Here is the execution plan obtained:
Nested Loop (actual time=0.048..67.956 rows=5000 loops=1) Buffers: shared hit=120072 -> Index Scan using customer_pk on customer a (actual time=0.010..0.913 rows=5000 loops=1) Index Cond: ((cust_no >= 1) AND (cust_no <= 5000)) Buffers: shared hit=72 -> Tid Scan on online_order d (actual time=0.013..0.013 rows=1 loops=5000) TID Cond: (ctid = (SubPlan 1)) Buffers: shared hit=120000 SubPlan 1 -> Limit (actual time=0.012..0.012 rows=1 loops=5000) Buffers: shared hit=115000 -> Sort (actual time=0.012..0.012 rows=1 loops=5000) Sort Key: online_order.ord_date DESC Sort Method: top-N heapsort Memory: 25kB Buffers: shared hit=115000 -> Bitmap Heap Scan on online_order (actual time=0.003..0.010 rows=20 loops=5000) Recheck Cond: (cust_no = a.cust_no) Heap Blocks: exact=100000 Buffers: shared hit=115000 -> Bitmap Index Scan on online_order_x02 (actual time=0.001..0.001 rows=20 loops=5000) Index Cond: (cust_no = a.cust_no) Buffers: shared hit=15000 Planning: Buffers: shared hit=8 Planning Time: 0.181 ms
Execution Time: 68.256 ms
The number of block I/O has increased from 115072 to 120072 because we have accessed ONLINE_ORDER twice. However, the elapsed time decreased from 87 ms to 68 ms.

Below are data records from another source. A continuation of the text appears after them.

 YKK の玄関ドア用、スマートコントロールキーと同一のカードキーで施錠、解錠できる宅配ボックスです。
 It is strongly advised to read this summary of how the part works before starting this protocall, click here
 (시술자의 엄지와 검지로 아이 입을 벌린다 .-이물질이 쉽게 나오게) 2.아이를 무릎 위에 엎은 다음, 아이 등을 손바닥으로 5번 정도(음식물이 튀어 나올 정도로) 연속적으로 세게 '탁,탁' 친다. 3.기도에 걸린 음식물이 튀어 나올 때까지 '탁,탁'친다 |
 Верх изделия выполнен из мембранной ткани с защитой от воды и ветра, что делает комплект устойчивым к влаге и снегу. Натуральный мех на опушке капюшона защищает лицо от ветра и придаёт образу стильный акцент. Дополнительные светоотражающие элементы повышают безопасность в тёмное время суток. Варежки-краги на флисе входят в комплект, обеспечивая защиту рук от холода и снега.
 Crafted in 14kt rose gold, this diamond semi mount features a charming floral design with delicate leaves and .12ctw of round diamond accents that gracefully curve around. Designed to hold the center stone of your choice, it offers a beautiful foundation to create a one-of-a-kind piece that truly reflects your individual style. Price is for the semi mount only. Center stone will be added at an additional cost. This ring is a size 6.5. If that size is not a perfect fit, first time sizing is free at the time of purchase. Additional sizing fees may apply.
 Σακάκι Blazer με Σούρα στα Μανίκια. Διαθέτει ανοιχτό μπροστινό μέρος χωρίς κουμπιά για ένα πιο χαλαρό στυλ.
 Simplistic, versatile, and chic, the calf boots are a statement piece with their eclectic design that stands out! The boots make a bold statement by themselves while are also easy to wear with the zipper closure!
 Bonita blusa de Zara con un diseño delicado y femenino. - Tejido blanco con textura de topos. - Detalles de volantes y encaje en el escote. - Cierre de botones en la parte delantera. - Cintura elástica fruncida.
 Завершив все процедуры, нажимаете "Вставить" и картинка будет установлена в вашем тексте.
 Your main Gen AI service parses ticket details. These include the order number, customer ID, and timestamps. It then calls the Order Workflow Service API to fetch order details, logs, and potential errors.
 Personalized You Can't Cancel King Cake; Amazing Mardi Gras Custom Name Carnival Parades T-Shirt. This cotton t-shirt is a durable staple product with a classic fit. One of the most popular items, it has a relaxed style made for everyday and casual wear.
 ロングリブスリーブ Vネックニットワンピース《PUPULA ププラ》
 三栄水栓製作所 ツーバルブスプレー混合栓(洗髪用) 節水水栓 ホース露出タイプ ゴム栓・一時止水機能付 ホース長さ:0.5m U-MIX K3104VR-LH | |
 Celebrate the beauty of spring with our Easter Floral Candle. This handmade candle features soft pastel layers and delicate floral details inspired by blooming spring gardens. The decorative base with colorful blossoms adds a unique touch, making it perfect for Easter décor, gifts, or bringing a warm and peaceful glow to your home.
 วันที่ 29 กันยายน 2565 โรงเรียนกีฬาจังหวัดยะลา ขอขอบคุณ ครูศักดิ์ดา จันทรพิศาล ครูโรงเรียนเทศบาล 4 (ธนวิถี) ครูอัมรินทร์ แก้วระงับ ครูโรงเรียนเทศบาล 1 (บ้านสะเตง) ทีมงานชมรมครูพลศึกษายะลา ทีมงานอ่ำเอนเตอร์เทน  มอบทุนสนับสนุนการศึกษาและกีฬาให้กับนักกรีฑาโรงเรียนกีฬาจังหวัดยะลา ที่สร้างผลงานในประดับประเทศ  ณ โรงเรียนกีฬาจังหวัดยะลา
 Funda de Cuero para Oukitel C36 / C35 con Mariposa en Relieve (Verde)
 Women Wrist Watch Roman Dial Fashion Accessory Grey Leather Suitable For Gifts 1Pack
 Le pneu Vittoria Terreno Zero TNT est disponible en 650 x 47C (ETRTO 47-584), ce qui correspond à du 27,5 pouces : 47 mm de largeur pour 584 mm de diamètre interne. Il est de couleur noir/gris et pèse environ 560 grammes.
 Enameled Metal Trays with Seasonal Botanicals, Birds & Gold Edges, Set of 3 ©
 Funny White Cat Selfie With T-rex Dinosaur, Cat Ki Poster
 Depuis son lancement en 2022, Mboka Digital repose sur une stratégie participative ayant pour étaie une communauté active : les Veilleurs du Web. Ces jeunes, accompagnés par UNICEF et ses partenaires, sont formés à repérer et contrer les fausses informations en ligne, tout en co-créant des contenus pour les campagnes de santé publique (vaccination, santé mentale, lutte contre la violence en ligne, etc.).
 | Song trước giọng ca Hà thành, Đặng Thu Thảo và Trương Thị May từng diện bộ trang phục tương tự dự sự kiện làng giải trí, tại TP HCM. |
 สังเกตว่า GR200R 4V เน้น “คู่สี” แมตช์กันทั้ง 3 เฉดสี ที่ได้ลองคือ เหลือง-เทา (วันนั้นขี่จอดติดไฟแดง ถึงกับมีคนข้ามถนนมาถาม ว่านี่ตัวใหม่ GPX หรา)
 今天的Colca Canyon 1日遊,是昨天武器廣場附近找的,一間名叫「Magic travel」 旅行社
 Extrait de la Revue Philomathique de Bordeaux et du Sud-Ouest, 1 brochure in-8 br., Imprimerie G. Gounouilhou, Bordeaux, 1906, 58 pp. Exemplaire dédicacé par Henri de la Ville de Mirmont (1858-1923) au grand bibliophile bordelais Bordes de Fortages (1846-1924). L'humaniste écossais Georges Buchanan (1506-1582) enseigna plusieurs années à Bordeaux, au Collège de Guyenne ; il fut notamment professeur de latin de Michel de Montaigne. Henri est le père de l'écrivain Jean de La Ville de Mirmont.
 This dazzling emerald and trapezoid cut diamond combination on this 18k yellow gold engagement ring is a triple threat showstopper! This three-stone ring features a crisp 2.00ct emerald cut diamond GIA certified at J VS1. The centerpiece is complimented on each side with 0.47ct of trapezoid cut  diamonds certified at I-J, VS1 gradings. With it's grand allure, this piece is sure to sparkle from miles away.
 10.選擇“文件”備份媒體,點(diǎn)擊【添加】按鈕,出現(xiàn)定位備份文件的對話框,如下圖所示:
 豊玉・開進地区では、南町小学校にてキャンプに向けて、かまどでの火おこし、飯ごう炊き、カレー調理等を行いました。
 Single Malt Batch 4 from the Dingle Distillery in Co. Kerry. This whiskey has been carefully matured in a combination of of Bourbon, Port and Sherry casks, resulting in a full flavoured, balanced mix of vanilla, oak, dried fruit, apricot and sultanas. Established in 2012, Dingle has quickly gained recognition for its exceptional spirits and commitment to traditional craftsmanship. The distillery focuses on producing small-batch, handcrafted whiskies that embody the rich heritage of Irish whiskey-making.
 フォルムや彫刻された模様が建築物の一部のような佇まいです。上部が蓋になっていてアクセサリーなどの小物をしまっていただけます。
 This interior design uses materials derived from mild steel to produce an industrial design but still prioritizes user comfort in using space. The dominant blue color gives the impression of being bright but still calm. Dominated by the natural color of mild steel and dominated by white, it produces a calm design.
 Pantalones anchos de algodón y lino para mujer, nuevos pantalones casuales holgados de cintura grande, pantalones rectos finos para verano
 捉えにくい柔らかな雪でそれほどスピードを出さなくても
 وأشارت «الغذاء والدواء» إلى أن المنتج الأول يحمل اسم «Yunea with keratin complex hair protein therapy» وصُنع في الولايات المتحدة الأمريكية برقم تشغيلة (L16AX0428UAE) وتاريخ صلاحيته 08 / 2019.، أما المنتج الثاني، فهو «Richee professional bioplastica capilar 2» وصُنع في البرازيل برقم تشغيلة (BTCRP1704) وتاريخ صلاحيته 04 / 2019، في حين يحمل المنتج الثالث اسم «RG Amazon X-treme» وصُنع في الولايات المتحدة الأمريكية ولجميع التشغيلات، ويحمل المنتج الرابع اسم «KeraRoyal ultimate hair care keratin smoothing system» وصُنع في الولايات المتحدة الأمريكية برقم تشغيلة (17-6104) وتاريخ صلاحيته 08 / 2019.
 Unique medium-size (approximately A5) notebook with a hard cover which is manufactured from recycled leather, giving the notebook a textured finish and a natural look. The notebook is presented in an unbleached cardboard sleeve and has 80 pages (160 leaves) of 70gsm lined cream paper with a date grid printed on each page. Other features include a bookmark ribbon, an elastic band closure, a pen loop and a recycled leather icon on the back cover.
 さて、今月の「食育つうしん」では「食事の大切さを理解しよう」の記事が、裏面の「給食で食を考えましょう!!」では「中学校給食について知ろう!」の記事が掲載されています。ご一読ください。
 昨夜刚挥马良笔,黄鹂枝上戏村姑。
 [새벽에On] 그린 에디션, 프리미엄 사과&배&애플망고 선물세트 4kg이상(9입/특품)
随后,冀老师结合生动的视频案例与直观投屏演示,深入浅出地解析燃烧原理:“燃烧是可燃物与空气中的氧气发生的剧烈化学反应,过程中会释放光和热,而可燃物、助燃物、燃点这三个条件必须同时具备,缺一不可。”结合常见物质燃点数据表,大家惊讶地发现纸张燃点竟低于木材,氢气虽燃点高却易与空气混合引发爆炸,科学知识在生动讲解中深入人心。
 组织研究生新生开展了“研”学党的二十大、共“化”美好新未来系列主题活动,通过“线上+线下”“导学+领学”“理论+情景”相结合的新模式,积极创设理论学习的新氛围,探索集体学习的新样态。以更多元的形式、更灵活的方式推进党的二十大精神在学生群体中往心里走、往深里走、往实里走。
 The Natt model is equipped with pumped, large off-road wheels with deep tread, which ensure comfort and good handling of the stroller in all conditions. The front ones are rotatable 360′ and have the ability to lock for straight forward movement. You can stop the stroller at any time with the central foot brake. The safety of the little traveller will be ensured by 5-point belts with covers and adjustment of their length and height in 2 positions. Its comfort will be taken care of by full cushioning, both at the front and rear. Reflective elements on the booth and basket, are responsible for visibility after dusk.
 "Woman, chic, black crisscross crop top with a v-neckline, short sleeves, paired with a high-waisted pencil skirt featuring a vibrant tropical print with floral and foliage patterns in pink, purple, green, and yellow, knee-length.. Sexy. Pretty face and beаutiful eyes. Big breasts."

Finally, let's transform the scalar subquery into a left join query: SELECT A.CUST_NM , B.ord_date , B.ORD_STATUS_CD FROM CUSTOMER A LEFT JOIN LATERAL (SELECT ord_date , ORD_STATUS_CD FROM ONLINE_ORDER B WHERE A.CUST_NO = B.CUST_NO ORDER BY B.ORD_DATE desc FETCH NEXT 1 ROWS ONLY) B ON TRUE
WHERE A.CUST_NO BETWEEN 1 AND 50;
Nested Loop Left Join (actual time=0.043..67.475 rows=5000 loops=1) Buffers: shared hit=115072 -> Index Scan using customer_pk on customer a (actual time=0.010..0.924 rows=5000 loops=1) Index Cond: ((cust_no >= 1) AND (cust_no <= 5000)) Buffers: shared hit=72 -> Limit (actual time=0.013..0.013 rows=1 loops=5000) Buffers: shared hit=115000 -> Sort (actual time=0.013..0.013 rows=1 loops=5000) Sort Key: b.ord_date DESC Sort Method: top-N heapsort Memory: 25kB Buffers: shared hit=115000 -> Bitmap Heap Scan on online_order b (actual time=0.003..0.010 rows=20 loops=5000) Recheck Cond: (a.cust_no = cust_no) Heap Blocks: exact=100000 Buffers: shared hit=115000 -> Bitmap Index Scan on online_order_x02 (actual time=0.001..0.001 rows=20 loops=5000) Index Cond: (cust_no = a.cust_no) Buffers: shared hit=15000 Planning: Buffers: shared hit=8 Planning Time: 0.156 ms
Execution Time: 67.785 ms
Now the block I/O is the same as in the query using the ARRAY operator. But the elapsed time descreased from 87 ms to 67 ms. In this specific case, the left join strategy proves to be the best choice.
Conclusion If you look at scalar subquries in your SELECT statements, it is worth using a left join, as it may offer some performance benefits.
FOOTNOTE
Given that PostgreSQL lacks a partial range processing feature and a scalar subquery caching mechanism, you might encounter performance degradation. One of the mothodes to mitigate the issue is to tranform the subquery in the SELECT list into a left join. Some developers using PostgreSQL argue that they can not find a compelling reason to use a scalar subquery in the SELECT list. However, there are situations in which a scalar subquery is more efficient than an outer left join in PostgreSQL. I will come up with a scenario in which a scalar subquery is a better choice in a future article.